Notes in, durable memory out — with or without AI.

  • 695 tests
  • FSRS-6 verified against reference
  • MIT
A StudyForge study session: a flashcard with four rating buttons, each showing the real interval that answer would schedule
The rating buttons show the real interval each answer would produce

01The problem

Most study tools ask you to trust them.

Flashcard apps make you write the cards. “AI study tools” make you trust a model you cannot inspect — and stop working when the API key runs out.

StudyForge takes the material you already have, does the tedious part deterministically, and is honest about the difference between “the document says X is defined as Y” and “I understand X.” It runs on your machine, stores everything in one SQLite file, and is fully functional with no AI configured at all.

02From notes to durable memory

01

Notes

Paste text or upload .txt, .md and PDFs.

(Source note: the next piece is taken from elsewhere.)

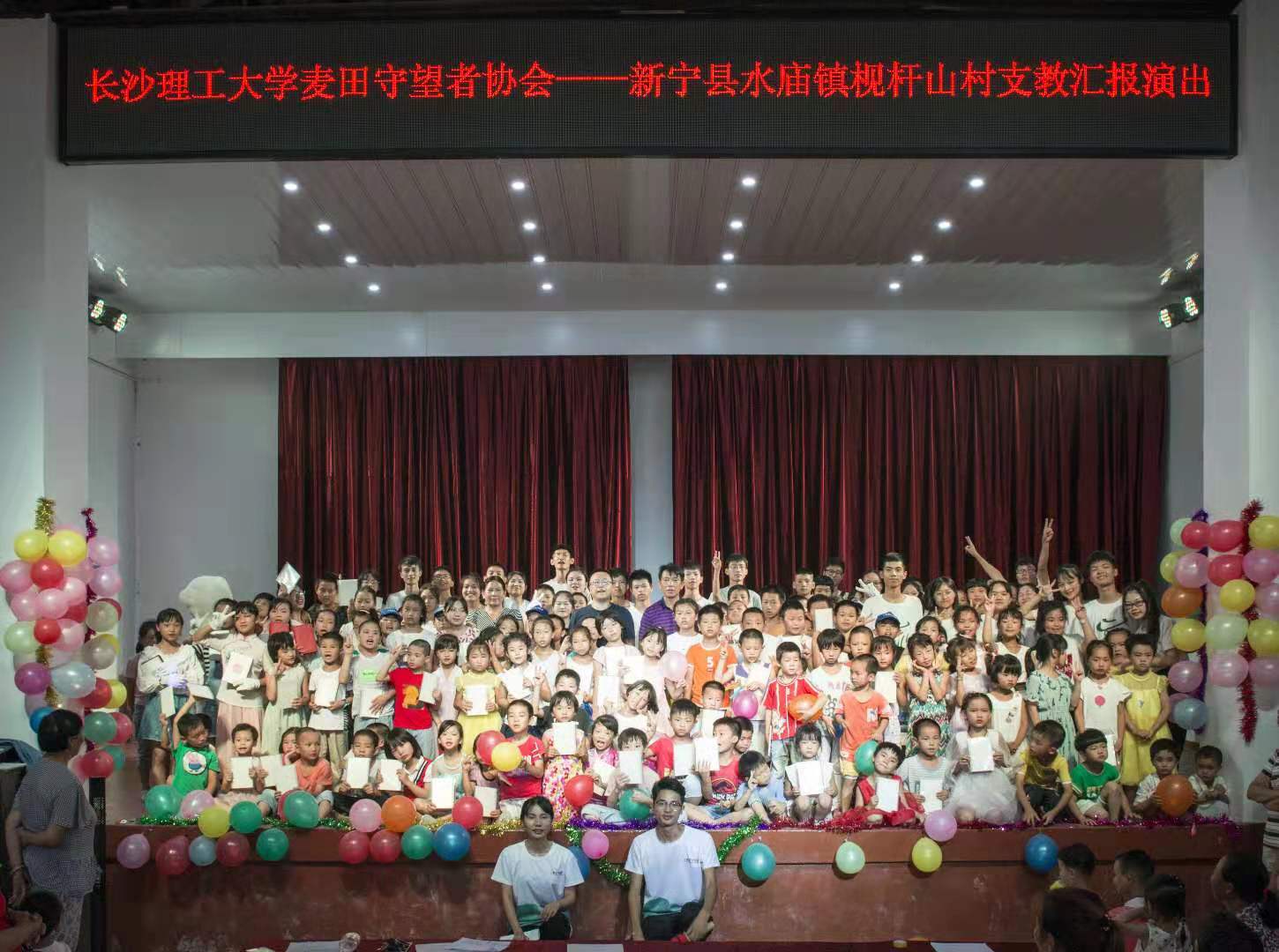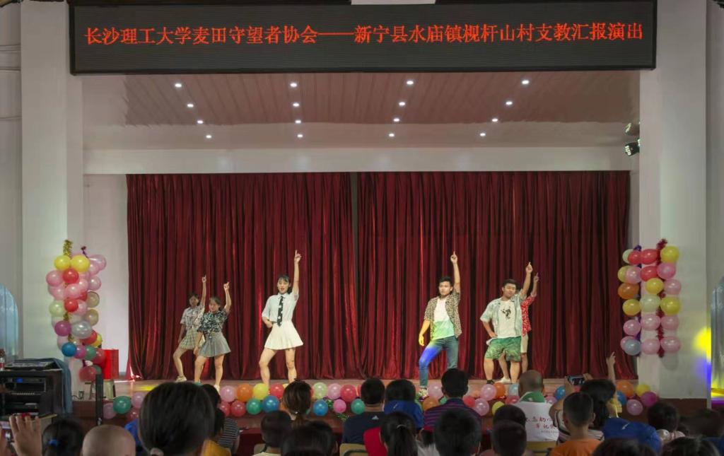 7月29日,长沙理工大学城南学院麦田支教队为雷竞技官网扶贫点——新宁县水庙镇枧杆山村一百三十余名留守儿童举行“汇报演出”。长沙理工大学驻村扶贫工作队队长、村第一书记宋刘斌,村支书杨忠祥,村主任龙艳洲,驻村扶贫工作队成员以及村两委干部等嘉宾受邀参加此次活动。
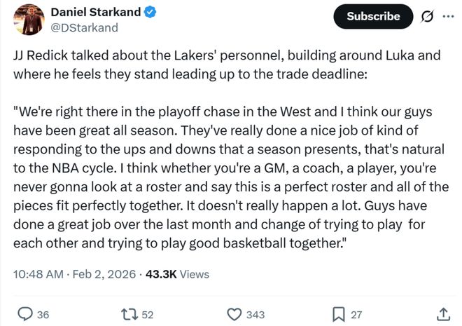并且就目前的情況來看,湖人隊(duì)大概率不會(huì)在截止日前有大手筆的操作,雷迪克賽后被問到相關(guān)問題時(shí)也給出類似答案。

Text is normalised — hyphenation rejoined, hard wraps unwrapped, page numbers removed — then split at semantic boundaries.

02

Understanding

Concepts are extracted from evidence actually present in the text: definition sentences, glossary lines, headings, repeated terms — each scored by how much that evidence proves.

03

Review

Deterministic flashcards and quizzes, scheduled by FSRS-6. The queue prioritises overdue reviews, then due ones, then the concepts you keep getting wrong.

04

Learning

Accuracy, due counts, and weak-concept analysis computed from what you actually did — with every percentage showing the sample it came from.

03Zero-cost, and useful with no AI

Zero-cost, and useful with no AI

AI_PROVIDER=none is the default. Two capabilities are marked never uses AI, by design rather than “not implemented”: scheduling and weak-concept classification are arithmetic, and handing them to a probabilistic text generator would make them unreproducible and untestable — so a language model cannot reach either one.

Text extraction from PDFs and text files works
Concept extraction works, deterministic
Flashcard and quiz generation works, deterministic
FSRS-6 spaced repetition never uses AI, by design
Weak-concept analysis never uses AI, by design
Full-text search and “Ask my notes” works
AI-written explanations requires a provider

If you want AI, Ollama runs models locally — nothing leaves your machine. StudyForge never downloads a model for you; if the configured one is missing it says so and carries on with the deterministic path.

04The study engine

A schedule you can reproduce is a schedule you can trust.

The FSRS-6 implementation is ~150 lines of closed-form arithmetic in the hottest path of the product. Owning it means the rules are reviewable and covered by the project’s own tests: the forgetting-curve identities, the four-rating ordering, the spacing effect, and difficulty clamping under 50 consecutive failures.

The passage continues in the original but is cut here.